"dew" <ukap70@gmail.com> wrote in message
news:1144583032.170137.284430@v46g2000cwv.googlegroups.com...
> hi
> can someone please explain
> the meaning of this code
> its about computing the autocorrelation function IN MATLAB
>
> r1=[zeros(1,101)];
set up a column vector r1 of 101 elements all of which are set to 0
> for i=1:1:50
starting at i=1 execute the instructions between here and end then
increment i by 1 : exit for-end loop when i>50 : note that this overwrites
matlab's default value for i=sqrt(-1).
> x=rand(1,5000);
fill a 5000 element column vector x with double precision values between 0
and 1 selected from a uniform distribution - note that this is _inside_ the
loop
> r=zeros(1,101);
see r1 but this is _inside_ the loop so wipes out the last value that you
stored in r
> fori=1:1:50
set up a 50 element row vector fori so that element n holds value n.
> z=[x zeros(1,i)];
add i zeros on to the end of x and call it z
> y=[zeros(1,i) x];
add i zeros on to the beginning of x and call it y effectively shifting the
non-zero values of y w.r.t. those of z
> r(51+i)=sum(z.*y)./(5000-i);
multiply the shifted and original sequence together , for some reason
normalise by dividing by 5000-i and store the sum in element 51+i of the 101
element vector r
> end
loop back incrementing i by 1 as previously noted or continue to next line
of code if i>50 after the increment
> r(51)=sum(x.*x)./(5000);
put the mean squared value of x in element 51 of r
at this point i is not incrementing any more , the vector fori has not been
used at all, nor has r1 and everything runs very very slowly as x is filled
with a new set of random numbers and y and z are redimensioned every time
the loop executes.
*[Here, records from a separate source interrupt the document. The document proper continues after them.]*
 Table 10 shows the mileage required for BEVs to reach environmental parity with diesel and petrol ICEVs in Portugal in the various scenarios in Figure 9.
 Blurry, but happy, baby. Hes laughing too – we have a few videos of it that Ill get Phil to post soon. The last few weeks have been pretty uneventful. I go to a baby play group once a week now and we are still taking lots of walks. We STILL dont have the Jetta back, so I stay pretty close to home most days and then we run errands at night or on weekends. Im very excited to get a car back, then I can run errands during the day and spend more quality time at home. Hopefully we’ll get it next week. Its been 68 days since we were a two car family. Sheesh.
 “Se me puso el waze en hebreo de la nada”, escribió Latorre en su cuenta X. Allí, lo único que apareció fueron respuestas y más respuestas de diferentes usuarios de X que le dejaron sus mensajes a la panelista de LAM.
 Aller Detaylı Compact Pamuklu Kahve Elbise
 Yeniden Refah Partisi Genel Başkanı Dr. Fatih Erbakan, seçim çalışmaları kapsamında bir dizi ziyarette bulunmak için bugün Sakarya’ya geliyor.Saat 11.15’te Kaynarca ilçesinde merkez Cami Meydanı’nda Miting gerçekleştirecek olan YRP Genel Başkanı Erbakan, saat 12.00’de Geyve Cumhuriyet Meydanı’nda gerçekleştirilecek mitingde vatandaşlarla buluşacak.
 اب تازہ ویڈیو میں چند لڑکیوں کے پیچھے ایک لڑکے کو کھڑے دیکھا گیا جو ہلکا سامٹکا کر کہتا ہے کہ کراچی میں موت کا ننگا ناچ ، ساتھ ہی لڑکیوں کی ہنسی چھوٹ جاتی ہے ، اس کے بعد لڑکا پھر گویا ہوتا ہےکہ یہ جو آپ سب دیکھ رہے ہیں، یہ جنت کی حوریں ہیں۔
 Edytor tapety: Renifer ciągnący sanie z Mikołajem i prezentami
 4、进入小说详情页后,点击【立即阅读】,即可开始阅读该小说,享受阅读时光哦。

As r is zeroed at the start of each loop it should hold
non-zero values for element 51 and 101.
I could be completely wrong but thats as close as I can get to a description
of what this segment of code should be doing.
Best of luck - Mike
Reply by dew●April 9, 20062006-04-09
hi
can someone please explain
the meaning of this code
its about computing the autocorrelation function IN MATLAB
r1=[zeros(1,101)];
for i=1:1:50
x=rand(1,5000);
r=zeros(1,101);
fori=1:1:50
z=[x zeros(1,i)];
y=[zeros(1,i) x];
r(51+i)=sum(z.*y)./(5000-i);
end
r(51)=sum(x.*x)./(5000);
z=[ zeros(1,i) x];
y=[x zeros(1,i)];
r(i)=sum(z.*y)./(5000-i);